● **PROBLEM TO WORK ON**
Skip pictures in the listing below; copy exactly the lines from the one with "已在朝天小學港澳子弟班就讀4" through the one with "高頻篩也叫高頻振動篩,采用高", inclusive.

● **INFORMATION GIVEN**
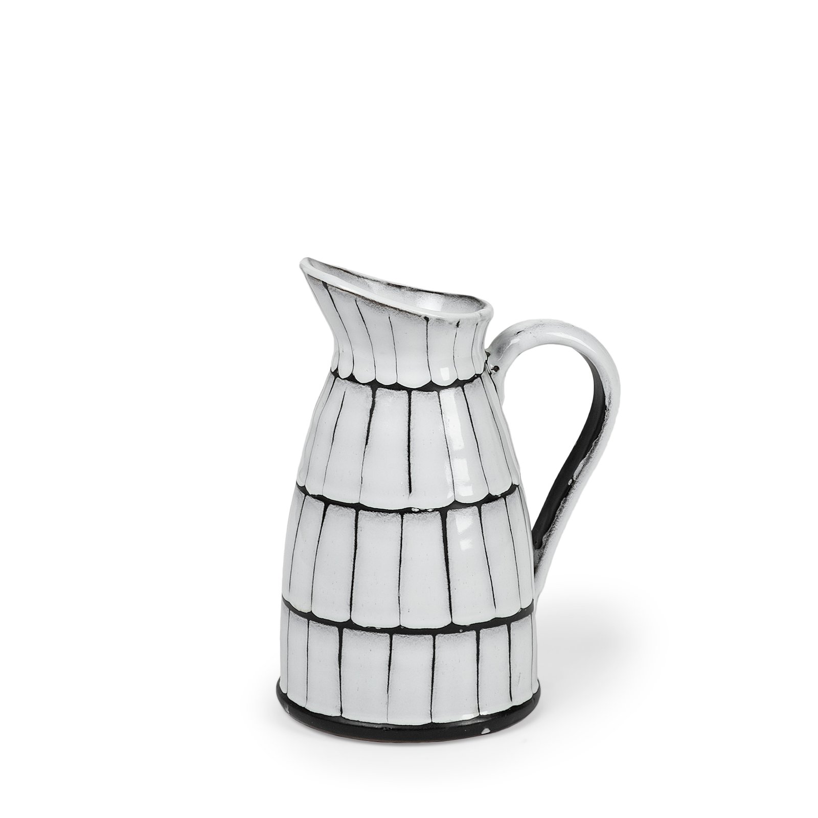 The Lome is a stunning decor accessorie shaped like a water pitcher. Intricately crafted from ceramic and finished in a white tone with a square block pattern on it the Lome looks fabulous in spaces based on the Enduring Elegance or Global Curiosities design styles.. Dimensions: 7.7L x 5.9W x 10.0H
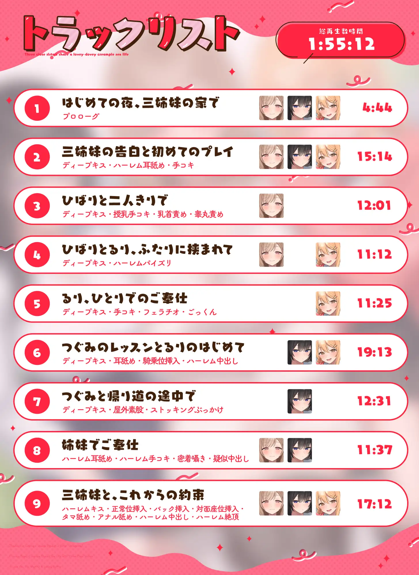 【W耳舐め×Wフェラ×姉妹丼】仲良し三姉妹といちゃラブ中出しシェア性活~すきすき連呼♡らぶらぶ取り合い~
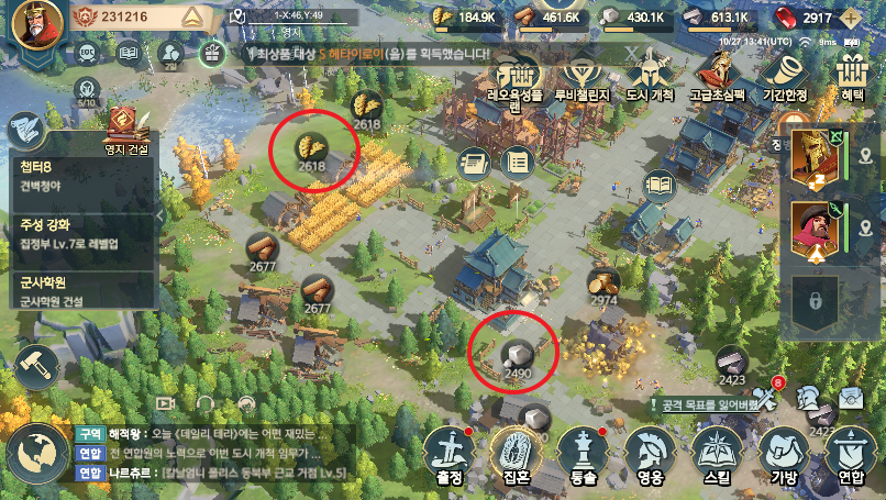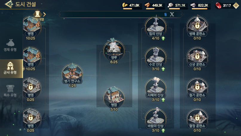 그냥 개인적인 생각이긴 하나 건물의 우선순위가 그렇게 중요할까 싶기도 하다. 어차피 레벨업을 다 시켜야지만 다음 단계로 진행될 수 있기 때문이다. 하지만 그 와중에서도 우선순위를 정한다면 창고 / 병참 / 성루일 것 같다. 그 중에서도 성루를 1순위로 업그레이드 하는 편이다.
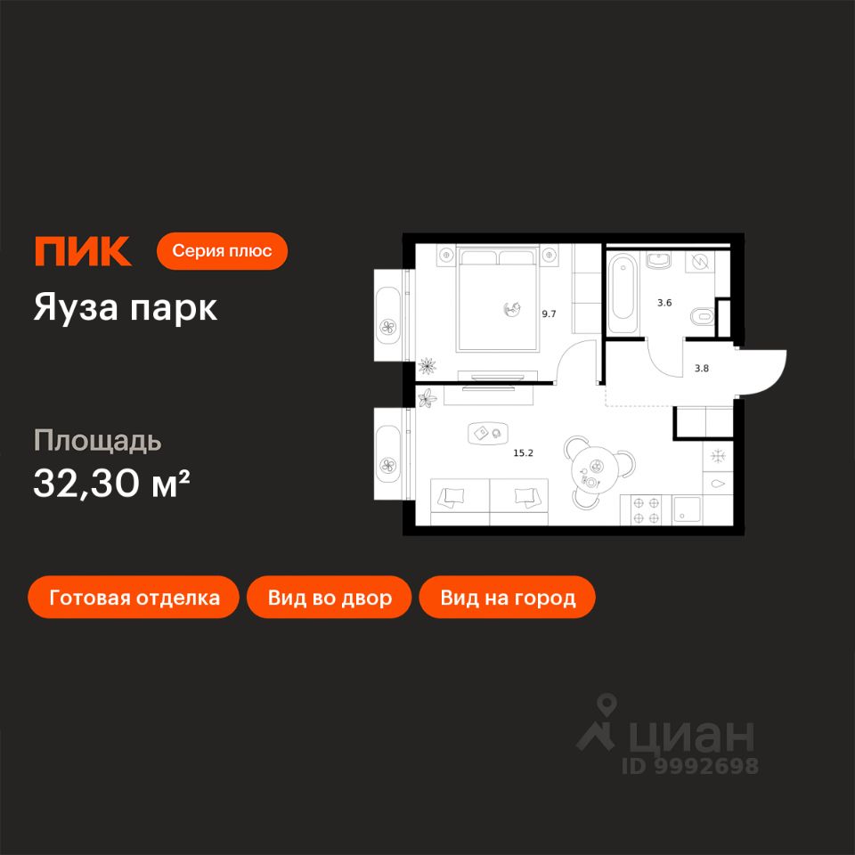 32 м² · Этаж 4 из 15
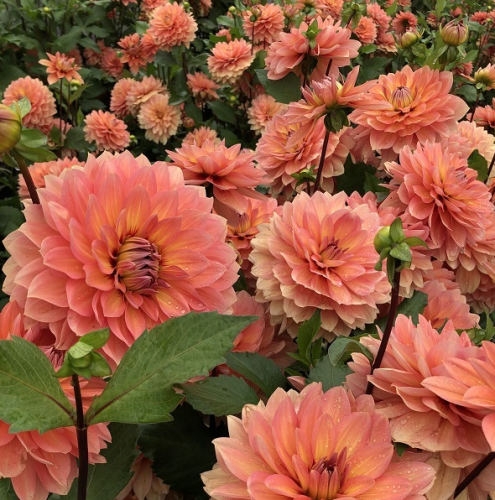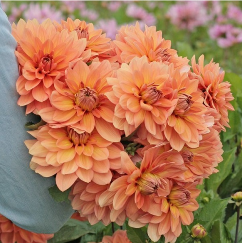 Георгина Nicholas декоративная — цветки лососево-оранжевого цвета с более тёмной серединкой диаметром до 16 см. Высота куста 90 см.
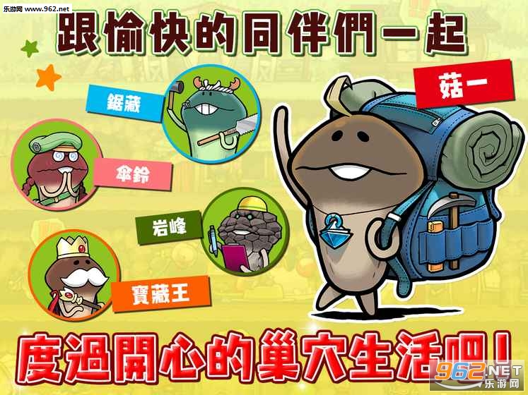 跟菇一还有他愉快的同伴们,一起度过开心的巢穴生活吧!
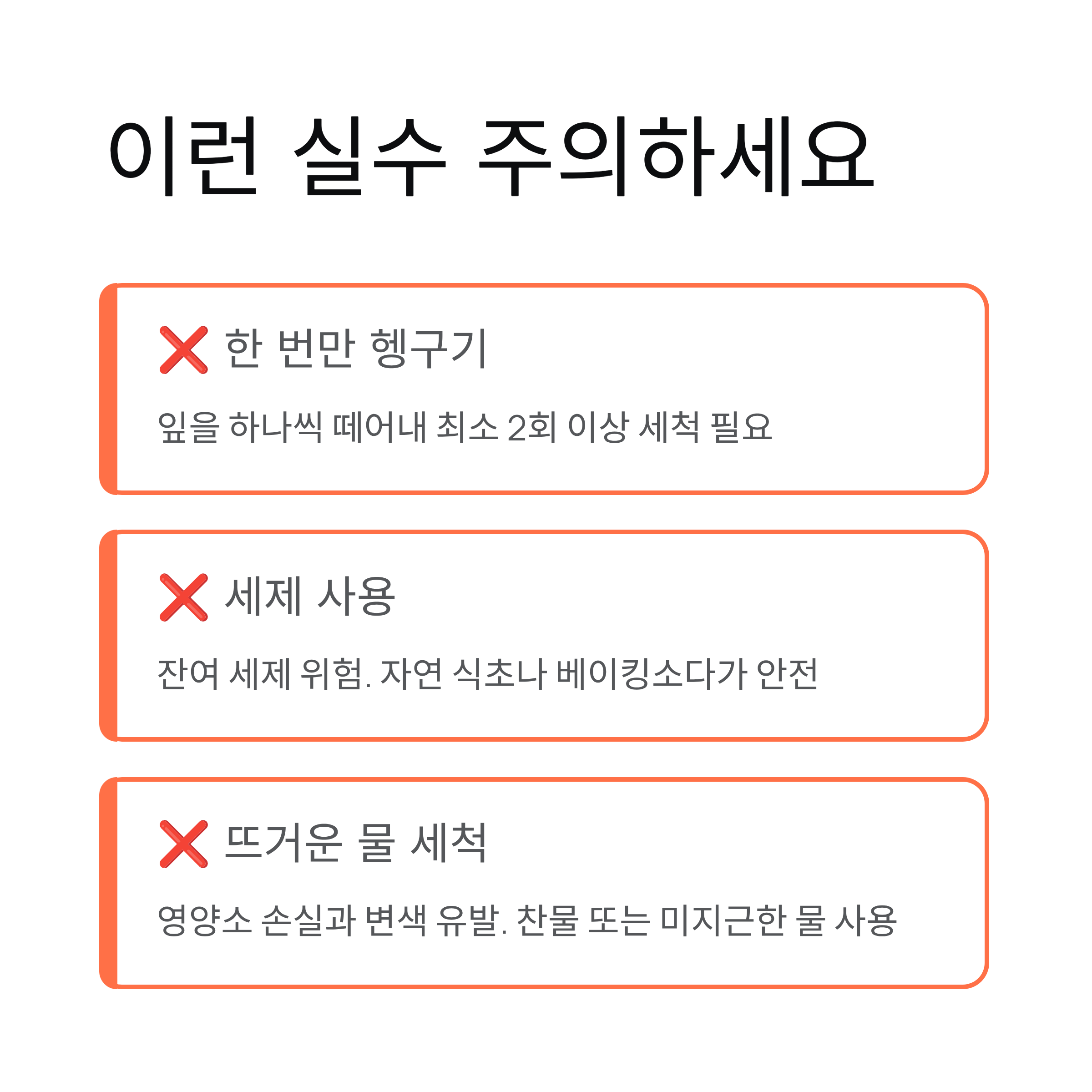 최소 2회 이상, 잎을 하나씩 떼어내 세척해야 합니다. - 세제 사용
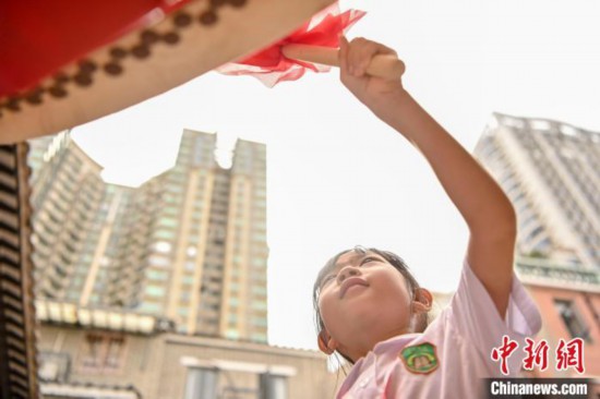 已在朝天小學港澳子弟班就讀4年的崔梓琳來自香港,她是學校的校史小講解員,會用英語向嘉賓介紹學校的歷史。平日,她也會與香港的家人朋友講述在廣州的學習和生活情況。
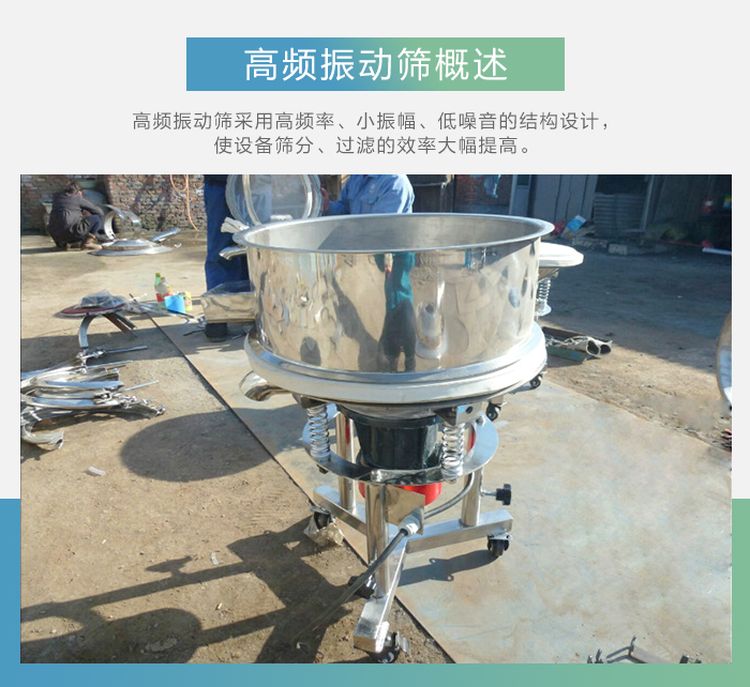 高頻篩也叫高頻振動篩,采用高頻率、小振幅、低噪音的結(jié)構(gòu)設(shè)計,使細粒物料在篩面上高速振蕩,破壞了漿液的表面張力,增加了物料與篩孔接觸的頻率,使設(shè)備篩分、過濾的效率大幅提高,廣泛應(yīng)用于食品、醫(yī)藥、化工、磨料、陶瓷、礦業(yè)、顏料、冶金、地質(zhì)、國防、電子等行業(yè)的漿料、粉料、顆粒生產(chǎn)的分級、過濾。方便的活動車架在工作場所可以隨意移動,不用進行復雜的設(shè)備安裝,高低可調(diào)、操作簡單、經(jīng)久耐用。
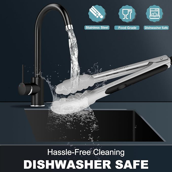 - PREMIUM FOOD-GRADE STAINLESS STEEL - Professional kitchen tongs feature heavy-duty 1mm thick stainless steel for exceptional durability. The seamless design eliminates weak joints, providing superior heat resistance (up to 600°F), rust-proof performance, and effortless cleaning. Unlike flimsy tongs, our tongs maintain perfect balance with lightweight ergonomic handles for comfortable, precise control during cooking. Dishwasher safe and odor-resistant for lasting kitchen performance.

● **WORKED SOLUTION**
 已在朝天小學港澳子弟班就讀4年的崔梓琳來自香港,她是學校的校史小講解員,會用英語向嘉賓介紹學校的歷史。平日,她也會與香港的家人朋友講述在廣州的學習和生活情況。
 高頻篩也叫高頻振動篩,采用高頻率、小振幅、低噪音的結(jié)構(gòu)設(shè)計,使細粒物料在篩面上高速振蕩,破壞了漿液的表面張力,增加了物料與篩孔接觸的頻率,使設(shè)備篩分、過濾的效率大幅提高,廣泛應(yīng)用于食品、醫(yī)藥、化工、磨料、陶瓷、礦業(yè)、顏料、冶金、地質(zhì)、國防、電子等行業(yè)的漿料、粉料、顆粒生產(chǎn)的分級、過濾。方便的活動車架在工作場所可以隨意移動,不用進行復雜的設(shè)備安裝,高低可調(diào)、操作簡單、經(jīng)久耐用。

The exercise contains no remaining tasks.